- YOUR GOAL: I'd like the records transcribed exactly, leaving the images out.

- INPUT DATA:
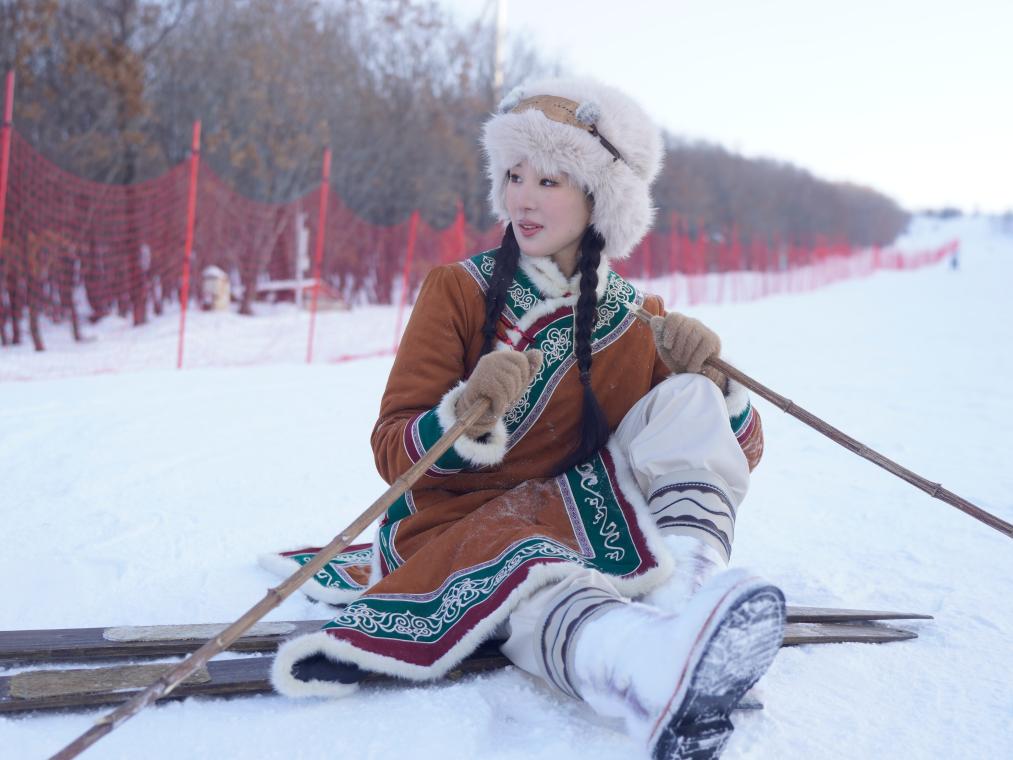 身着赫哲族传统服饰的滑雪爱好者在黑龙江省佳木斯市郊的敖其湾滑雪场滑雪。(受访者供图)
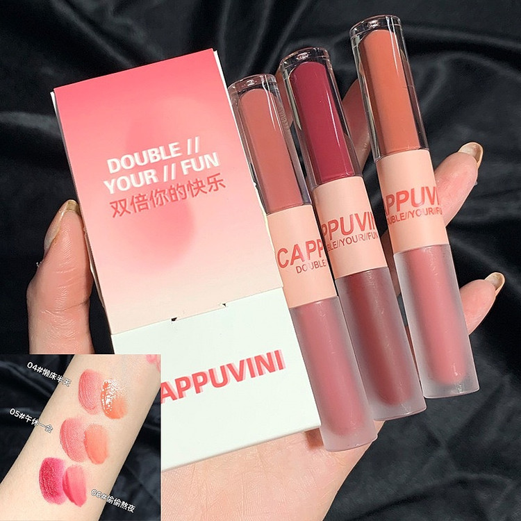 پک 3 عددی لیپ گلاس و رژلب مایع دو سر Cappuvini
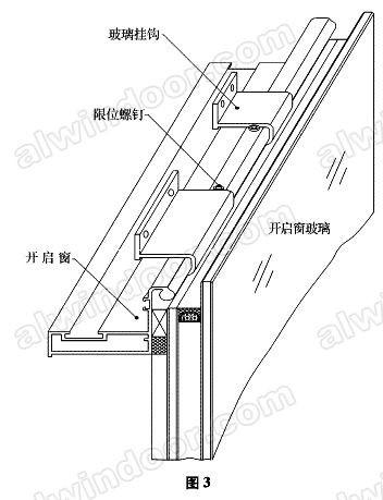 玻璃掛鉤分段后,不但節約材料,安裝方便,而且便于開啟扇的調整,保持開啟扇處于自由狀態,不會因為鋁料的變形而造成安裝
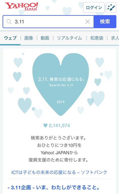 みなさんもyahooで3.11検索よろしくお願いします💭
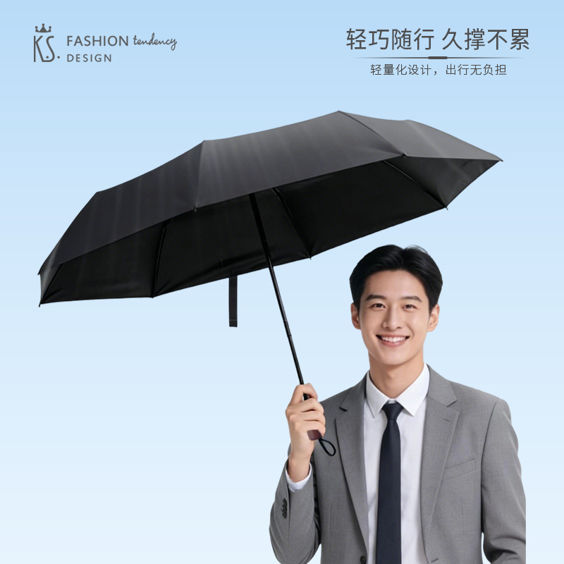 源头K.S.风度客三折黑胶晴雨伞KS-1082
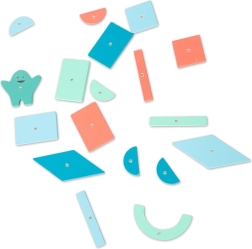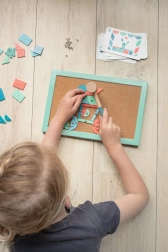 Conținutul pachetului: tablă de plută 19 × 29 cm, 10 carduri cu șabloane 8 × 13 cm, 33 forme din lemn, ciocănel din lemn. Fabricat din lemn, plută și metal de calitate pentru rezistență și utilizare de durată.
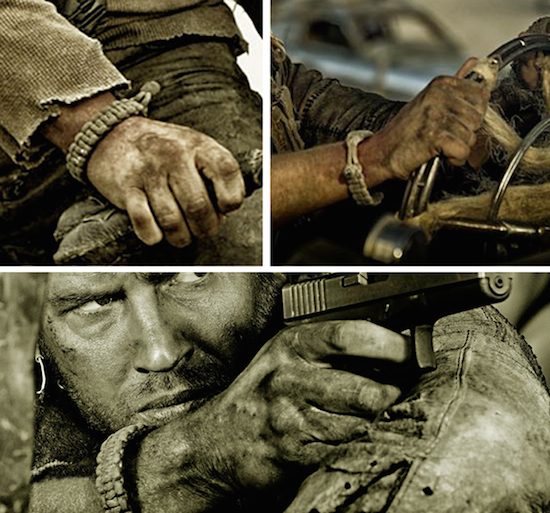 「怒りのデス・ロード」のみならずトム・ハーディが私生活でも愛用しているパラコード・ブレスレット。本編のものは“ダイヤモンドノット”という方式で結び玉を作っていますが、本製品はあえて簡易的な玉結びで、フリーサイズ対応としてあります。1080円。
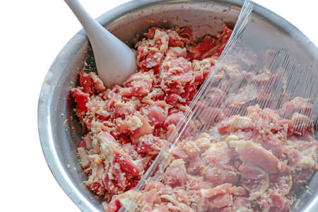 Raw minced pork ingredient food in cup on white background
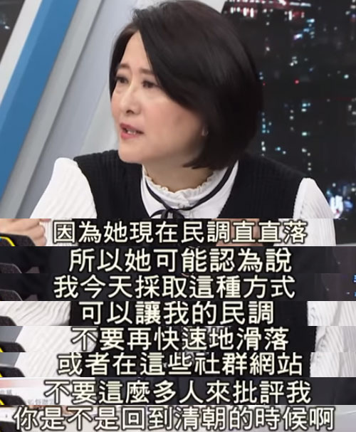 對于蔡當局的行事風格,身為臺北市議員的王鴻薇顯然習以為常,她表示,民進黨的做法,正是由于蔡英文的民調近來一路走低,在“綠營”看來,采取這樣的方式,能夠降低網絡上的批評指責聲,讓民調不至于快速滑落,但王鴻薇也強調,“民進黨所謂的監控,已經變成了一種鉗制,就好像清朝時候的‘文字獄’。”

- RESULT OF THE EXERCISE:
 身着赫哲族传统服饰的滑雪爱好者在黑龙江省佳木斯市郊的敖其湾滑雪场滑雪。(受访者供图)
 پک 3 عددی لیپ گلاس و رژلب مایع دو سر Cappuvini
 玻璃掛鉤分段后,不但節約材料,安裝方便,而且便于開啟扇的調整,保持開啟扇處于自由狀態,不會因為鋁料的變形而造成安裝
 みなさんもyahooで3.11検索よろしくお願いします💭
 源头K.S.风度客三折黑胶晴雨伞KS-1082
 Conținutul pachetului: tablă de plută 19 × 29 cm, 10 carduri cu șabloane 8 × 13 cm, 33 forme din lemn, ciocănel din lemn. Fabricat din lemn, plută și metal de calitate pentru rezistență și utilizare de durată.
 「怒りのデス・ロード」のみならずトム・ハーディが私生活でも愛用しているパラコード・ブレスレット。本編のものは“ダイヤモンドノット”という方式で結び玉を作っていますが、本製品はあえて簡易的な玉結びで、フリーサイズ対応としてあります。1080円。
 Raw minced pork ingredient food in cup on white background
 對于蔡當局的行事風格,身為臺北市議員的王鴻薇顯然習以為常,她表示,民進黨的做法,正是由于蔡英文的民調近來一路走低,在“綠營”看來,采取這樣的方式,能夠降低網絡上的批評指責聲,讓民調不至于快速滑落,但王鴻薇也強調,“民進黨所謂的監控,已經變成了一種鉗制,就好像清朝時候的‘文字獄’。”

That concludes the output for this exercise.